_Exercise goal:_ What is needed is a word-for-word copy of the listing below, without pictures.

_Available data:_
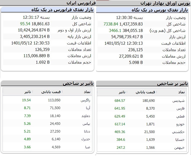 در آن سوی بازار سرمایه شاخص کل فرابورس با ۹۵ واحد افزایش به رقم ۱۸ هزار و ۸۶۱ واحد رسید. در این بازار ۱۲۶ هزار معامله به ارزش ۱۱۵ هزار و ۱۱۵ میلیارد ریال انجام شد. پتروشیمی زاگرس، پلیمر آریاساسول، تولید نیروی برق دماوند، بیمه پاسارگاد، داروسازی دانا، بهمن دیزل و سرمایه گذاری صبا تامین نسبت به سایر نمادها بیشترین تاثیر مثبت را روی فرابورس گذاشتند.
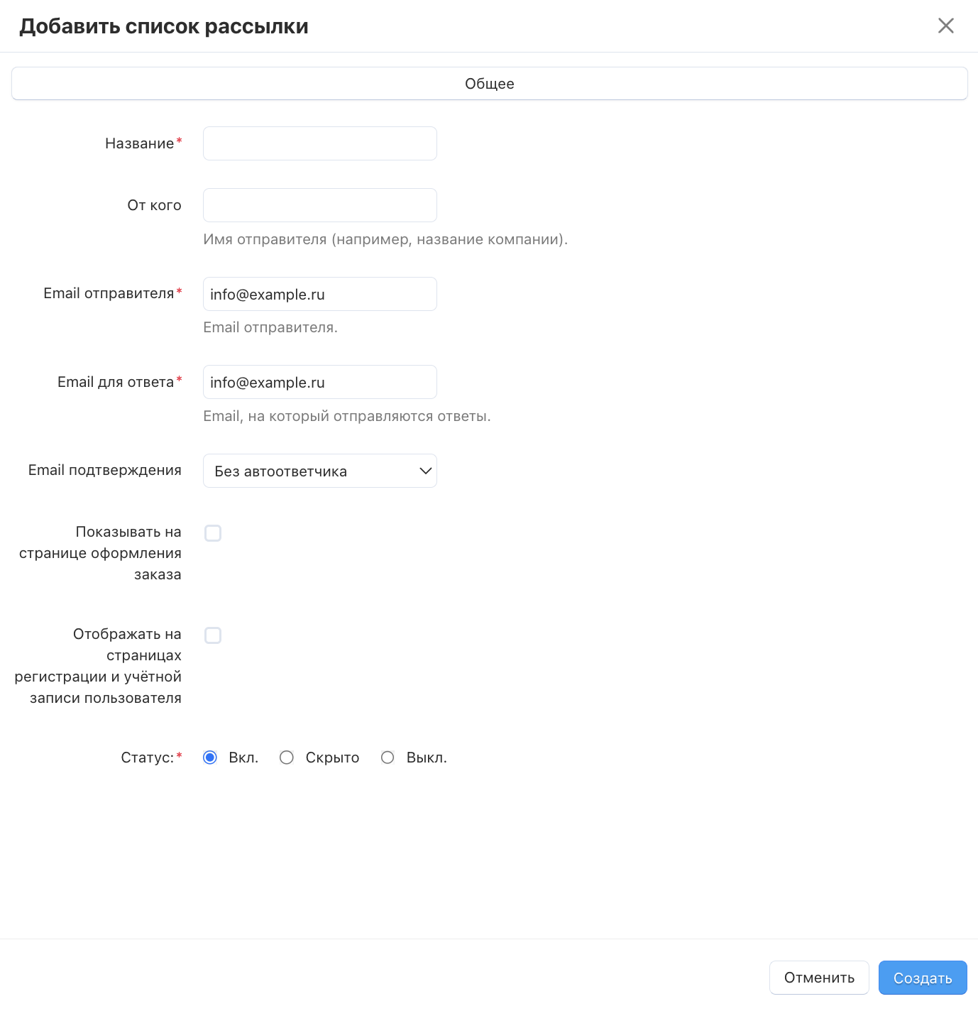 • Нажмите кнопку + Добавить список рассылки, чтобы добавить новый список рассылки.
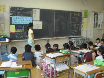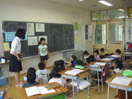 2年生の教室ではたしざんで学習した時の解決方法を思い出しながら、新しい2けたの引き算の計算の仕方を考える学習が行われていました。自分なりの方法で解決し、みんなの前で発表です。自分の考え方と同じか違うかを考えながら学習していました。

_Answer:_
 در آن سوی بازار سرمایه شاخص کل فرابورس با ۹۵ واحد افزایش به رقم ۱۸ هزار و ۸۶۱ واحد رسید. در این بازار ۱۲۶ هزار معامله به ارزش ۱۱۵ هزار و ۱۱۵ میلیارد ریال انجام شد. پتروشیمی زاگرس، پلیمر آریاساسول، تولید نیروی برق دماوند، بیمه پاسارگاد، داروسازی دانا، بهمن دیزل و سرمایه گذاری صبا تامین نسبت به سایر نمادها بیشترین تاثیر مثبت را روی فرابورس گذاشتند.
 • Нажмите кнопку + Добавить список рассылки, чтобы добавить новый список рассылки.
 2年生の教室ではたしざんで学習した時の解決方法を思い出しながら、新しい2けたの引き算の計算の仕方を考える学習が行われていました。自分なりの方法で解決し、みんなの前で発表です。自分の考え方と同じか違うかを考えながら学習していました。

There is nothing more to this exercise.